*** Block opens ***

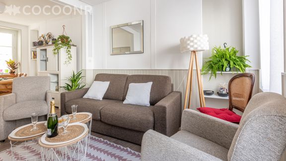 - Une belle pièce de vie lumineuse avec un coin salon doté d'un canapé-lit double, des fauteuils, une table basse, une TV ainsi qu'un espace repas avec une table à manger pouvant accueillir 6 convives.
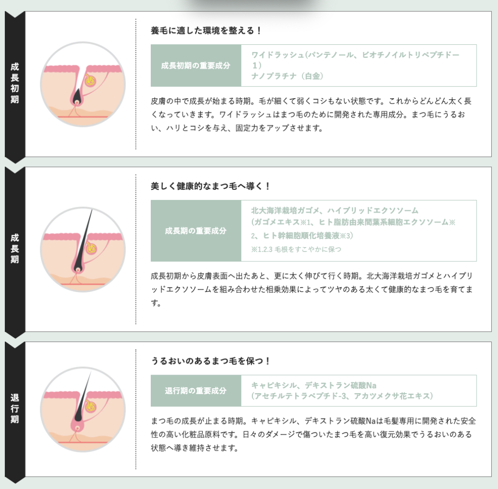 ラッシュリンクには、まつ毛周期の各段階にアプローチする11種類の贅沢成分※1を配合しています。
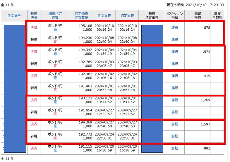 下の表が「2024年9月24日~10月10日までの成果です」。
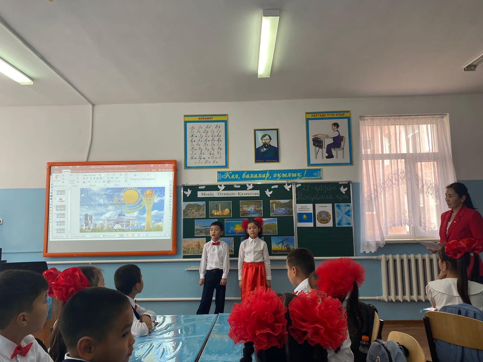 3”Б”сынып жетекшісі Утесинова Айгул Орынбаевна 25 қазан - Республика күніне орай “Қазақ елі менің-Отаным” тақырыбында тәрбие сағатын өткізді.Тәрбие сағатында Егеменді еліміздің дамуы, тәуелсіз Отанымыз туралы мағлұматтар беріп, оқушылар тақпақтар, патриоттық әндер айтып тәрбие сағаты өте жақсы өтті.
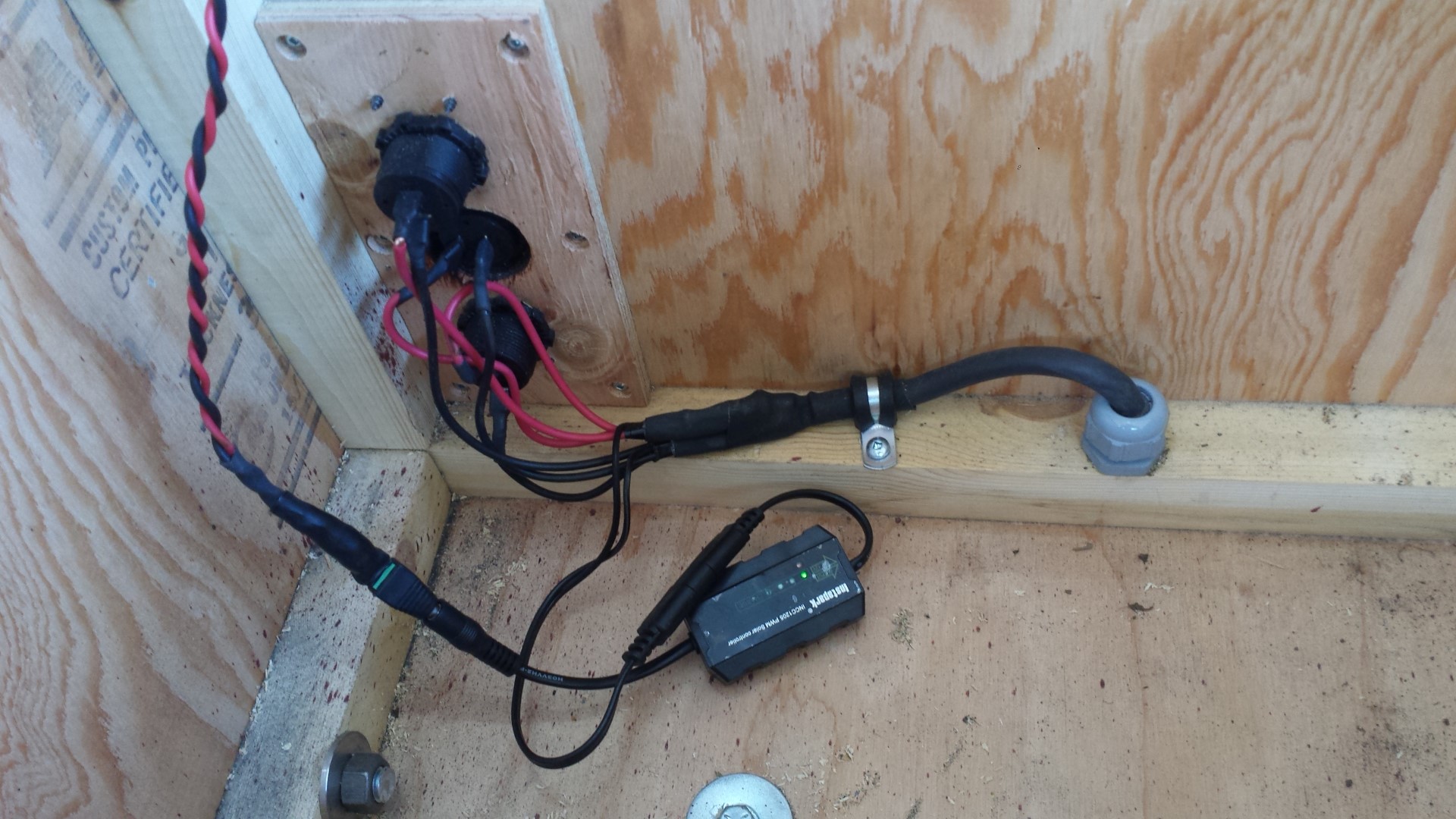 Mounting Solar Panel: The solar panel turned out to be exactly the right size to be framed in by 2x2's, which provides a nice bit of extra protection for it. I used a 2" hole saw to make a hole for the wires to drop into the box (make sure the hole is near the hinge side of the lid, so the wires don't get in the way when you open the lid). To hold the panel down, I clipped 1/4" UNC U-nuts over the aluminum frame of the panel where there were already mounting holes drilled. I then carefully pushed the panel into place, pulling the wires through, and screwed 1/4-20 bolts in from the underside (obviously after drilling holes for them).
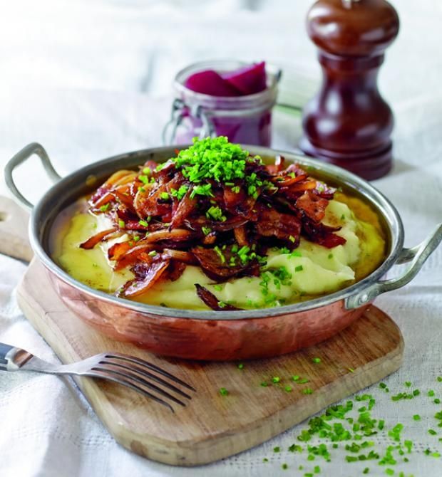 Danezii preferă piureul de cartofi cu şuncă şi ceapă prăjite deasupra.
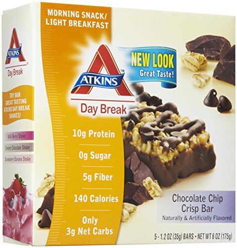 -. Binding : Health and Beauty -. Feature : Mornings have never been sweeter or more satisfying with this blend of chocolate chips, crisps, and a rich chocolate drizzle / Delicious, convenient, and nutritious way to stay satisfied until your next meal / Only 3.4 grams of net carbs and 0 grams of sugar per serving / 10 grams of protein / 5 grams of fiber -. Label : Atkins -. Manufacturer : Atkins -. PackageQuantity : 1 -. ProductGroup : Health and Beauty -. ProductTypeName : HEALTH_PERSONAL_CARE -. Publisher : Atkins -. Studio : Atkins -. Title : Atkins Day Break� Crisp Bar Chocolate Chip Crisp -- 5 Bars
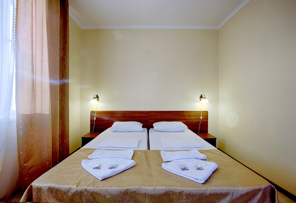 В номере: вешалка, зеркало, кровати односпальные, прикроватные тумбочки, стол, стул, шкаф, кондиционер, телевизор, холодильник
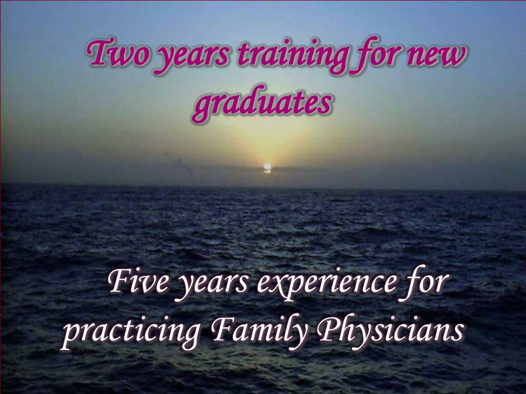 Two years training for new graduates Five years experience for practicing Family Physicians

*** Block closes ***

GOAL OF THE EXERCISE>
Starting at the first line of the records and stopping after the line with "Mounting Solar Panel: The", copy each line exactly; pictures stay out.

ANSWER BOX>
 - Une belle pièce de vie lumineuse avec un coin salon doté d'un canapé-lit double, des fauteuils, une table basse, une TV ainsi qu'un espace repas avec une table à manger pouvant accueillir 6 convives.
 ラッシュリンクには、まつ毛周期の各段階にアプローチする11種類の贅沢成分※1を配合しています。
 下の表が「2024年9月24日~10月10日までの成果です」。
 3”Б”сынып жетекшісі Утесинова Айгул Орынбаевна 25 қазан - Республика күніне орай “Қазақ елі менің-Отаным” тақырыбында тәрбие сағатын өткізді.Тәрбие сағатында Егеменді еліміздің дамуы, тәуелсіз Отанымыз туралы мағлұматтар беріп, оқушылар тақпақтар, патриоттық әндер айтып тәрбие сағаты өте жақсы өтті.
 Mounting Solar Panel: The solar panel turned out to be exactly the right size to be framed in by 2x2's, which provides a nice bit of extra protection for it. I used a 2" hole saw to make a hole for the wires to drop into the box (make sure the hole is near the hinge side of the lid, so the wires don't get in the way when you open the lid). To hold the panel down, I clipped 1/4" UNC U-nuts over the aluminum frame of the panel where there were already mounting holes drilled. I then carefully pushed the panel into place, pulling the wires through, and screwed 1/4-20 bolts in from the underside (obviously after drilling holes for them).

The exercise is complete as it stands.